▶ **Exercise description**
From the first line of the records below, transcribe each line exactly up to and including the one with "The same manufacturer"; pictures stay out.

▶ **Recorded data**
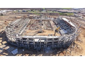 Kahramanmaraş'ta 17 bin 500 seyirci kapasitesine sahip şehrin yeni stadyumunun inşası hızla devam ediyor.
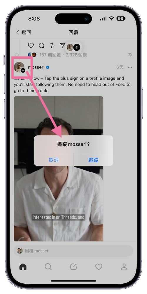 2、快速追蹤 – 現在只要按用戶帳號旁邊的「+」就能加入「追蹤」。
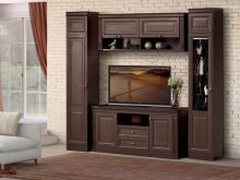 The same manufacturer made Florence modelhaving a completely different style and design. "Florence" is a modern retro style, equipped with carved details, curly fittings. The wall is completely bulky, 1.6 m wide, but of sufficient height - 2.16 m. There are two color options - light and dark.
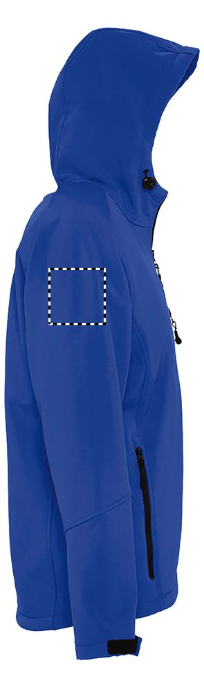 SOL'S REPLAY HERR, SOFTSHELL MED HUVA HERR, 94 % polyester, 6 % elastan, Fodrad med fleece : 100 % polyester, 3 lager, 8000 mm vattentätt membran med andningsförmåga SOFTSHELL 340, 2 sidofickor med dragkedja och 1 bröstficka med dragkedja, Justerbar dragsko i midjan, Justerbara ärmslut med självhäftande knäppning, Huva med dragsko för matchande storlekar, se storlekstabellen i avsnittet om produktdokumentation.
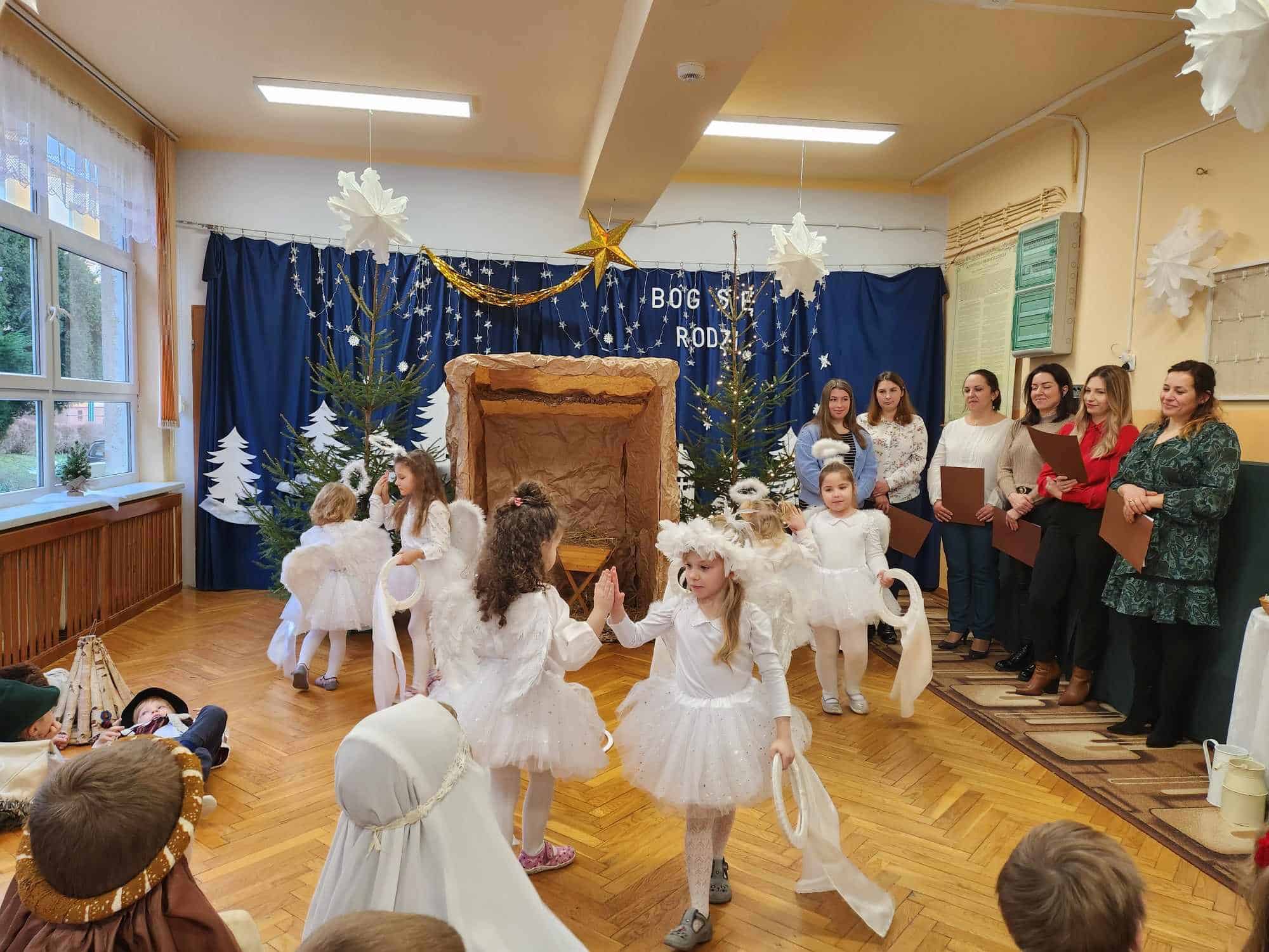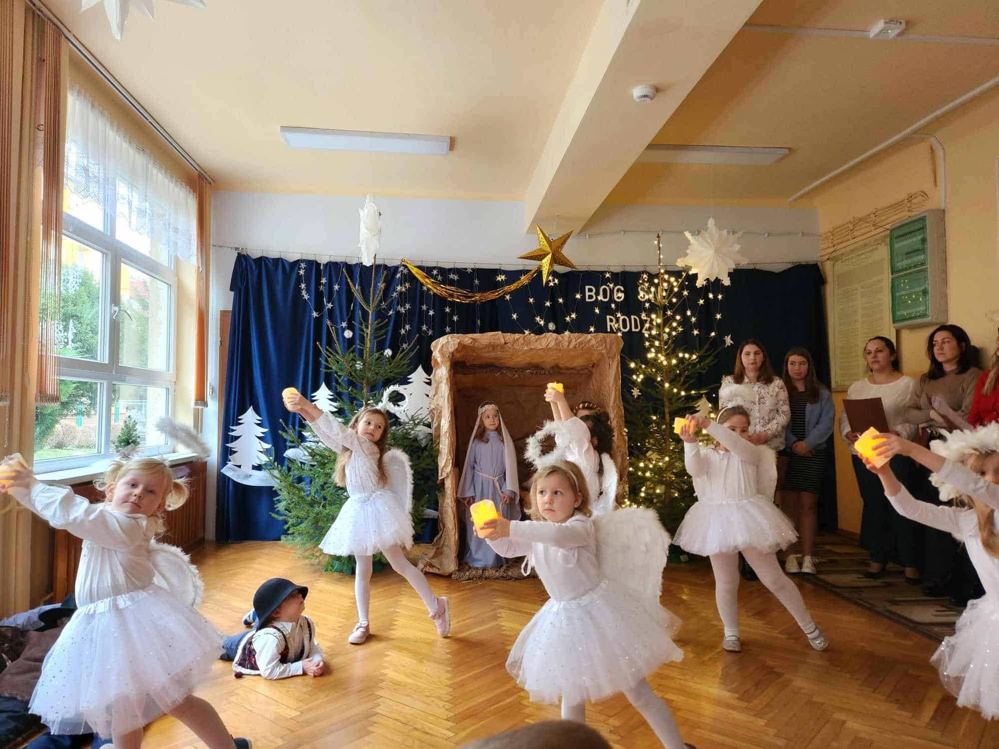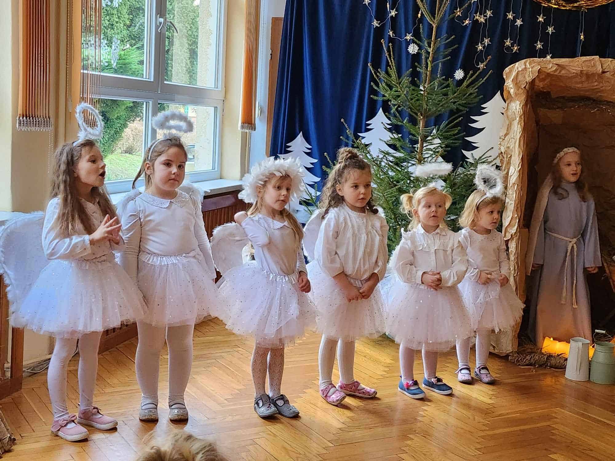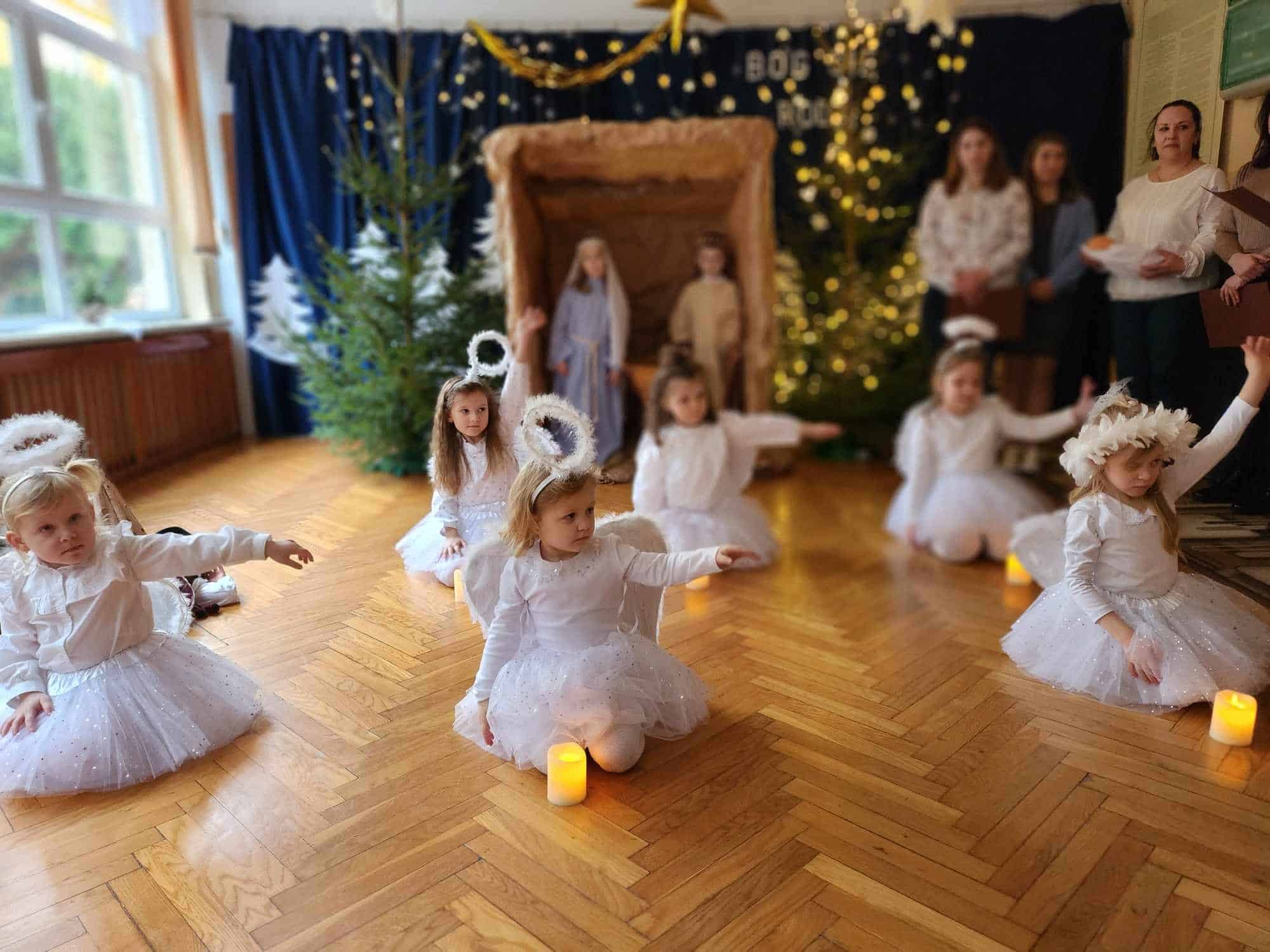Przedszkolaki z wielkim przejęciem odtwarzały swoje role. Taniec aniołków wywołał zachwyt i wzruszenie, łza kręciła się w oku niejednego widza.

▶ **Written answer**
 Kahramanmaraş'ta 17 bin 500 seyirci kapasitesine sahip şehrin yeni stadyumunun inşası hızla devam ediyor.
 2、快速追蹤 – 現在只要按用戶帳號旁邊的「+」就能加入「追蹤」。
 The same manufacturer made Florence modelhaving a completely different style and design. "Florence" is a modern retro style, equipped with carved details, curly fittings. The wall is completely bulky, 1.6 m wide, but of sufficient height - 2.16 m. There are two color options - light and dark.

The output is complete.